Identify each line in the records below that contains the word "This", and copy it.
======== Input
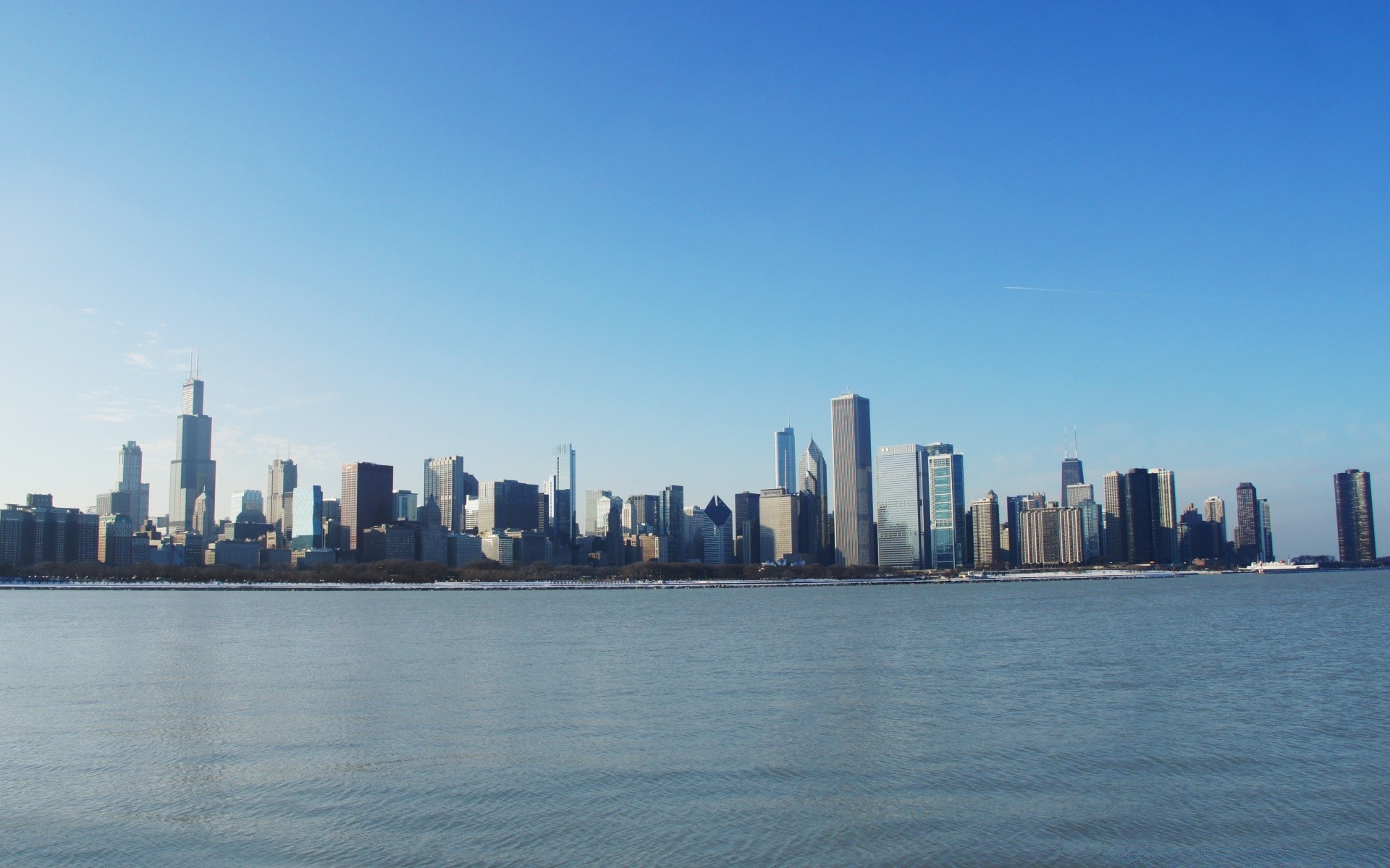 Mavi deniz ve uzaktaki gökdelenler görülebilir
================
======== Input
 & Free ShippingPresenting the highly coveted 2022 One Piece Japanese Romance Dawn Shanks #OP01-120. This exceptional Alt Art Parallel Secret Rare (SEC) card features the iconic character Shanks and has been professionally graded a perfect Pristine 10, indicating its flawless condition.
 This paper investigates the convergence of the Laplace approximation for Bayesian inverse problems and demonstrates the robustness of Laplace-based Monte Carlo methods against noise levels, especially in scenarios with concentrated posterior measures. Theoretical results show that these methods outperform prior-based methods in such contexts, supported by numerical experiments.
================
======== Input
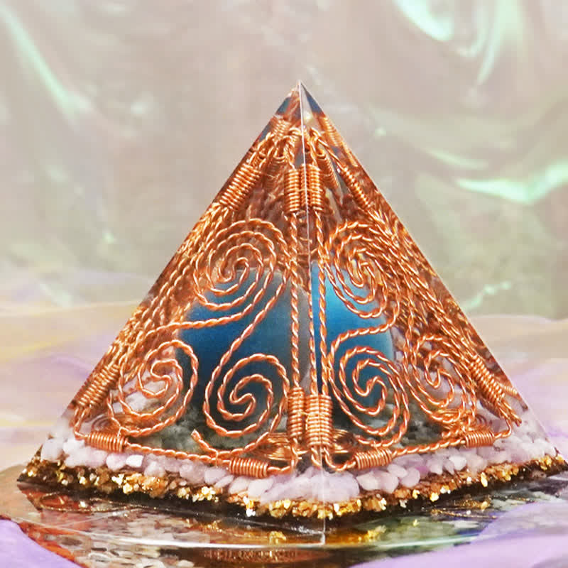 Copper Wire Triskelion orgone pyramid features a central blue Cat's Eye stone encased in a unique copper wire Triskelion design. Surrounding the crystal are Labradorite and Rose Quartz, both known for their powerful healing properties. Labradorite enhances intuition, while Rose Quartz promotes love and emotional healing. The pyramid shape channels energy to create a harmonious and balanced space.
================
### Output
 & Free ShippingPresenting the highly coveted 2022 One Piece Japanese Romance Dawn Shanks #OP01-120. This exceptional Alt Art Parallel Secret Rare (SEC) card features the iconic character Shanks and has been professionally graded a perfect Pristine 10, indicating its flawless condition.
 This paper investigates the convergence of the Laplace approximation for Bayesian inverse problems and demonstrates the robustness of Laplace-based Monte Carlo methods against noise levels, especially in scenarios with concentrated posterior measures. Theoretical results show that these methods outperform prior-based methods in such contexts, supported by numerical experiments.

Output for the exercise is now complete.